Demographic Factor

An individual’s ability to achieve good health is affected by age, race, ethnicity, social class, occupation, marital status, health literacy etc. There is a correlation between poverty and education and the most educated are the least impoverished . The number of adults without high school diploma or equivalent die before 65 are 3 times greater than that of those with a college degree. (AMA) In fact health statues is dictated by the three essential factors such as education, wealth and occupation. Higher education leads to better occupations, which in turn leads to greater wealth, social status, and better health care seeking behaviors.

Unemployment, loosing job and reduction in the working hours prevent people from seeking healthcare services. When people loose employer sponsored health insurance they are less likely to go for routine follow up and continue treatment as needed. Even though they seek medical care they may not be able to pay their medical bills. They postpone medical care and go without prescription medications for months and years. As they need to make decision between daily living and purchasing medication, they choose the former one. Lack of follow up visits and inaccessibility of medications lead to deterioration in health.

Lack of transportation is another financial barrier among low income people to keep physician appointment and seeking healthcare in time. This leads to a huge number of people seeking medical care through emergency room hospital services and can impact health care services negatively. Poor people usually lives in downgraded communities that are deficient in health resources and have an atmosphere that is not favorable to better health. Those living in neighborhoods viewed as unsafe are less likely to engage in preventive physical activity . Children raised in such unsafe and toxic neighborhood adversely affect their overall health.

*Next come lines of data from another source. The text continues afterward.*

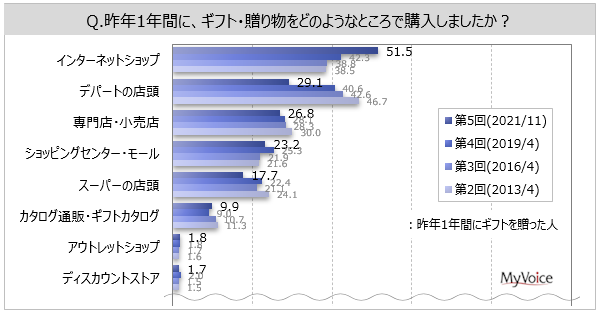 ■昨年1年間に贈ったギフトの購入場所は、「インターネットショップ」が贈った人の5割強、「デパートの店頭」「専門店・小売店」「ショッピングセンター・モール」が各20%台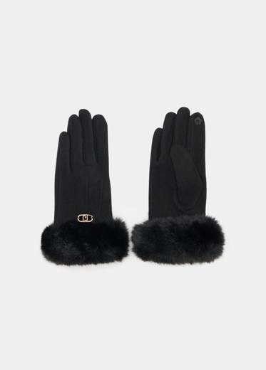 Guanti con dettagli in pelliccia sintetica.Guanti con logo monogram, Dettaglio in pelliccia sintetica.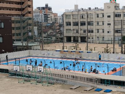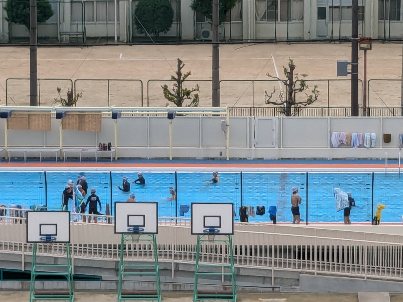 曇り空でしたが蒸し暑い中、プール開きを行いました。まだ水温も低く少し冷たい中でしたが、元気に入水していました。どれくらい泳ぐのを目標にするのかを決めて、9月のはじめまでがんばりましょう。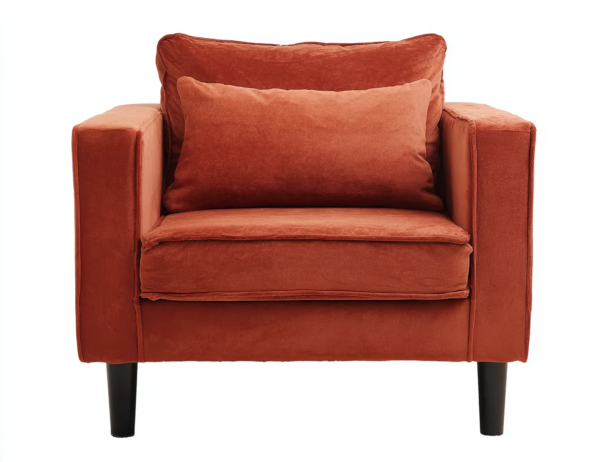 Este sillón de terciopelo rojo teja aporta al salón una presencia envolvente, elegante y muy acogedora, ideal para crear un rincón de descanso con carácter. Su diseño combina brazos rectos, un asiento profundo y dos cojines generosos que refuerzan inmediatamente la sensación de confort. El tono rojo teja añade calidez visual y una nota sofisticada que combina con facilidad con madera oscura. El terciopelo suaviza el conjunto con una textura rica y cambiante según la luz, mientras que las patas negras aportan contraste y equilibrio visual. Gracias a sus proporciones compactas y a su estética sobria, este modelo se integra con naturalidad en un salón contemporáneo, elegante o de inspiración cálida y refinada.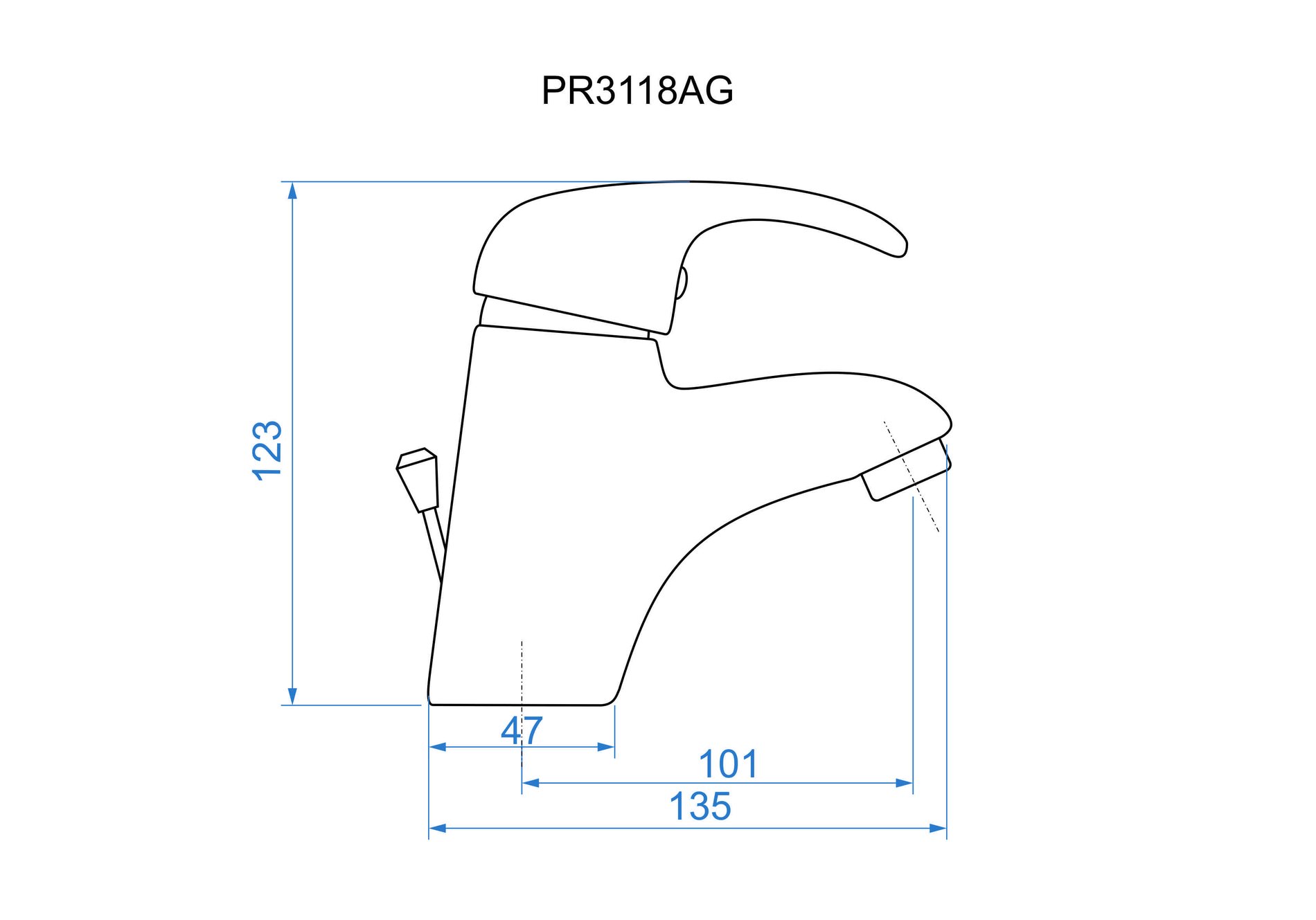 Umyvadlová stojánková baterie s uzávěrem sifonu, klik-klak, satén, PERLA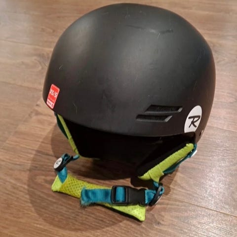 Hyvässä kunnossa oleva laskettelu kypärä.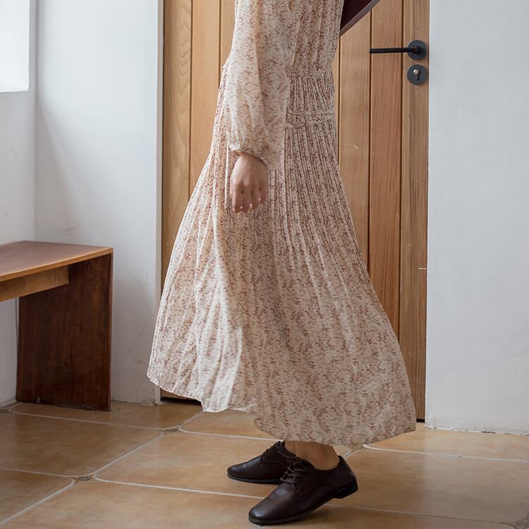 小花柄 フラワー キーネック ワンピース プリーツ ランタンスリーブ フレア Vネック ハイウエスト Aライン 長袖 ワンピ ロング丈 マキシ丈 可愛い 大人可愛い カジュアル レディース フェミニン ガーリー レトロ 清楚 上品 お出かけ 通勤 買い物 デート 女子会 春

Those children are most likely to engage in risky health behaviors resulting in life-threatening disorders. Their parents are unable to provide sufficient time and resources and unable to engage them in extracurricular activities. People from low socioeconomic status are usually engaged in low wage and high risk jobs and are susceptible to various kinds of illness. The mental health of those living in poor and hyper segregated community (including feelings of powerlessness, anxiety, and depression) lead to unhealthy risk-taking behaviors and poor coping mechanisms that may contribute to illness.

Those that have mental illness are more likely to be untreated and they suffer a greater loss to their overall health and productivity. Limited health literacy extremely effects individuals from minority groups and lower socioeconomic status. The cost of limited health literacy to the nation’s economy is huge, and the indirect cost includes more chronic illness and disability, lost wages and a poorer quality of life.

Overall low socioeconomic status people with lower level of education, lower wage job or unemployed do not seek preventive care, have no access to health care and are noncompliant in taking medications and following strict medication regimen. These risky behaviors impose a greater financial burden on health care system and raise in health insurance and increase in health care costs. Persons in lower socioeconomic groups suffer even more frustration, as they seem to fall further behind the mainstream of society (Smith & Maurer, 2009, p, 260)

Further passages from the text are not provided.